Wecarejatim.com, Jakarta — Presiden Republik Indonesia Prabowo Subianto menggelar Taklimat Presiden bersama rektor dan pimpinan perguruan tinggi negeri serta swasta dari seluruh Indonesia di halaman tengah Istana Kepresidenan Jakarta, Kamis (15/1/2026).
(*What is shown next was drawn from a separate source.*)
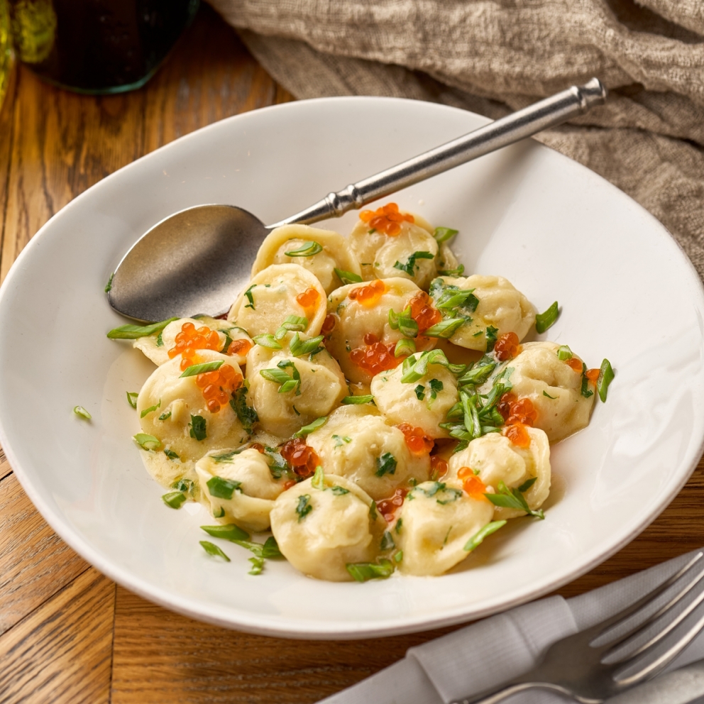 Пельмени, фарш из щуки, красная икра, масло сливочно-чесночное, лук, масло сливочное

Pertemuan yang dihadiri undangan sekitar 1.200 rektor dan guru besar tersebut menegaskan komitmen kuat pemerintah dalam menjadikan pendidikan tinggi sebagai fondasi utama pembangunan nasional.
Menteri Sekretaris Negara Prasetyo Hadi menjelaskan bahwa forum ini merupakan agenda resmi Presiden Prabowo dalam kapasitasnya sebagai Kepala Negara dan Kepala Pemerintahan, guna menyampaikan pandangan strategis sekaligus berdiskusi langsung dengan para pemangku kepentingan pendidikan.
“Ini bagian dari agenda Bapak Presiden untuk berdiskusi dan menyampaikan pandangan beliau, termasuk update kondisi nasional, geopolitik global, serta rencana-rencana besar yang akan kita kerjakan ke depan,” ujar Prasetyo kepada awak media.
Pertemuan tersebut menjadi bagian dari komunikasi intensif Presiden Prabowo dengan berbagai elemen bangsa, khususnya sektor pendidikan tinggi, yang dinilai memiliki peran krusial dalam menyiapkan sumber daya manusia unggul.
Dalam diskusi, sejumlah isu strategis dibahas, antara lain percepatan pemenuhan kebutuhan tenaga dokter nasional. Berdasarkan data pemerintah, Indonesia saat ini masih kekurangan lebih dari 100 ribu dokter.
“Diskusi ini sudah dimulai bersama Kementerian Diktisaintek, salah satunya terkait upaya mempercepat pemenuhan kebutuhan dokter kita,” ungkap Prasetyo.
Selain itu, Presiden Prabowo juga memberikan perhatian besar pada peningkatan kualitas perguruan tinggi, mencakup penguatan sumber daya dosen, penyediaan sarana dan prasarana, serta keberlanjutan pembiayaan operasional. Pemerintah, kata Prasetyo, berupaya memastikan kemajuan universitas tidak menjadi beban finansial bagi masyarakat dan mahasiswa.
“Kita sedang menghitung dan merancang agar universitas-universitas di Indonesia dapat maju dan berkualitas tanpa memberatkan pembiayaan bagi mahasiswa,” imbuhnya.
Dalam sepekan terakhir, fokus Presiden Prabowo diarahkan pada penguatan sektor pendidikan sebagai pilar utama pembangunan nasional, seiring agenda besar pemerintah mewujudkan swasembada pangan dan swasembada energi.
Taklimat Presiden ini menegaskan visi Presiden Prabowo Subianto dalam menempatkan pendidikan tinggi dan penguatan sumber daya manusia sebagai kunci utama menuju Indonesia Emas 2045.